Stored items from a collection:
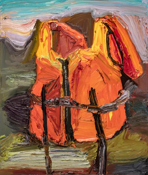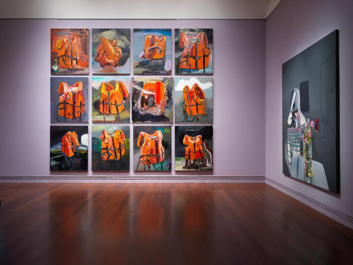 In 2016 Ben Quilty travelled to Europe and the Middle East with writer Richard Flanagan, where they witnessed first-hand the refugee crisis. Quilty and Flanagan met families who had lost family members including children who had attempted the journey across the Aegean Sea. The life jacket, known for its ability to save lives has been used by Quilty in many ways to draw attention to the lives lost of those seeking refuge.
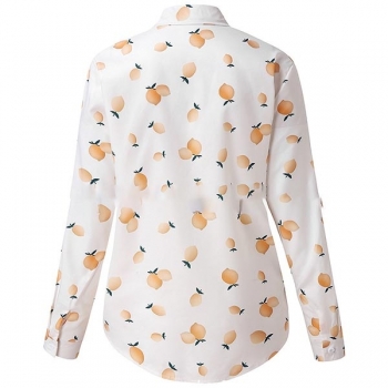 Casual Style Button Front Self-tie Hem Peach Print Long Sleeve Blouse
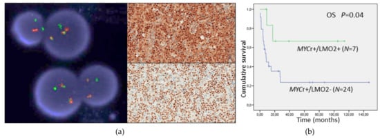 - Colomo, L.; Vazquez, I.; Papaleo, N.; Espinet, B.; Ferrer, A.; Franco, C.; Comerma, L.; Hernandez, S.; Calvo, X.; Salar, A.; et al. LMO2-negative Expression Predicts the Presence of MYC Translocations in Aggressive B-Cell Lymphomas. Am. J. Surg. Pathol. 2017, 41, 877–886. [Google Scholar] [CrossRef]
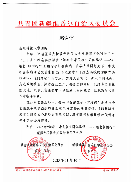 在感谢信中,共青团新疆区委对实践队给予了高度评价,认为他们“将课堂所学转化为服务社会发展的青春实践,用实际行动彰显了新时代青年员工的使命与担当”。
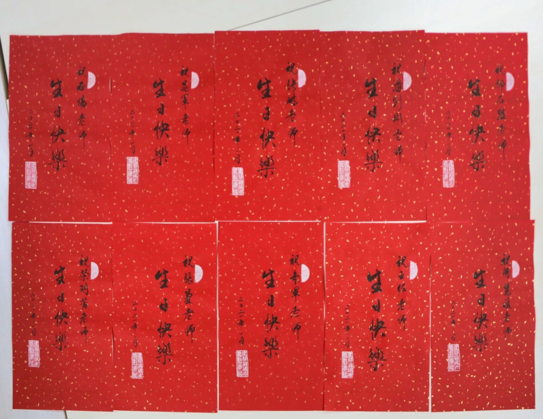 党委书记何立新为过生日的教职工送上了温暖的生日祝福,祝愿老师们幸福美满,好运吉祥。同时为每一位福星们准备了精心制作的DIY贺卡,让大家更是惊喜万分。大家纷纷拍照留念,定格幸福瞬间
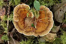 Coltricia perennis is similar, but has a weakly circularly zoned, bare cap. The flesh of the cap is stained uniformly. Other species of Coltricia and Phaeolus are also similar.[3]
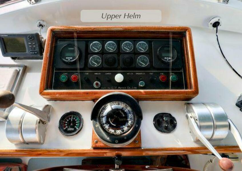 Powered by twin Ford Lehman diesel engines, this DeFever is known for its reliability and fuel efficiency, ideal for cruising both near and far. The recently installed Makrolon Flybridge Enclosure enhances livability by providing a versatile, weather-protected space to enjoy panoramic views, whether you’re navigating, dining, or simply relaxing.
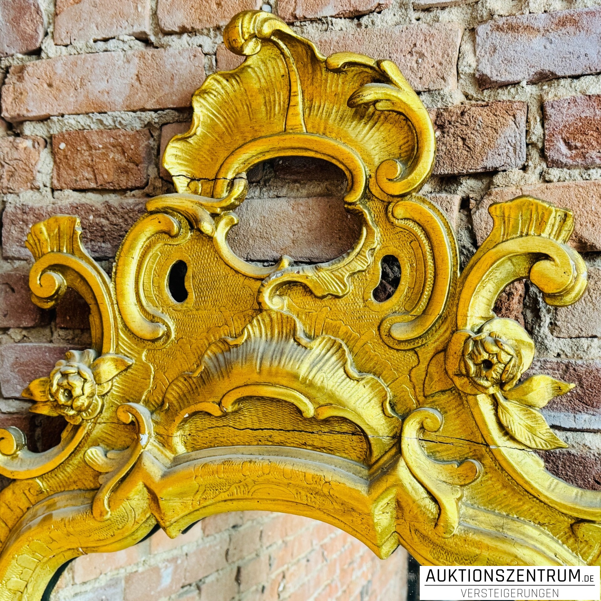 Der Rahmen zeigt kräftige Voluten, Muschel- und Blattornamente sowie florale Applikationen im oberen Bereich, der untere Abschluss ist ebenfalls dekorativ durchbrochen gearbeitet.

▸ **What is required**
Copy every record above exactly, leaving out the pictures.

▸ **Response**
 In 2016 Ben Quilty travelled to Europe and the Middle East with writer Richard Flanagan, where they witnessed first-hand the refugee crisis. Quilty and Flanagan met families who had lost family members including children who had attempted the journey across the Aegean Sea. The life jacket, known for its ability to save lives has been used by Quilty in many ways to draw attention to the lives lost of those seeking refuge.
 Casual Style Button Front Self-tie Hem Peach Print Long Sleeve Blouse
 - Colomo, L.; Vazquez, I.; Papaleo, N.; Espinet, B.; Ferrer, A.; Franco, C.; Comerma, L.; Hernandez, S.; Calvo, X.; Salar, A.; et al. LMO2-negative Expression Predicts the Presence of MYC Translocations in Aggressive B-Cell Lymphomas. Am. J. Surg. Pathol. 2017, 41, 877–886. [Google Scholar] [CrossRef]
 在感谢信中,共青团新疆区委对实践队给予了高度评价,认为他们“将课堂所学转化为服务社会发展的青春实践,用实际行动彰显了新时代青年员工的使命与担当”。
 党委书记何立新为过生日的教职工送上了温暖的生日祝福,祝愿老师们幸福美满,好运吉祥。同时为每一位福星们准备了精心制作的DIY贺卡,让大家更是惊喜万分。大家纷纷拍照留念,定格幸福瞬间
 Coltricia perennis is similar, but has a weakly circularly zoned, bare cap. The flesh of the cap is stained uniformly. Other species of Coltricia and Phaeolus are also similar.[3]
 Powered by twin Ford Lehman diesel engines, this DeFever is known for its reliability and fuel efficiency, ideal for cruising both near and far. The recently installed Makrolon Flybridge Enclosure enhances livability by providing a versatile, weather-protected space to enjoy panoramic views, whether you’re navigating, dining, or simply relaxing.
 Der Rahmen zeigt kräftige Voluten, Muschel- und Blattornamente sowie florale Applikationen im oberen Bereich, der untere Abschluss ist ebenfalls dekorativ durchbrochen gearbeitet.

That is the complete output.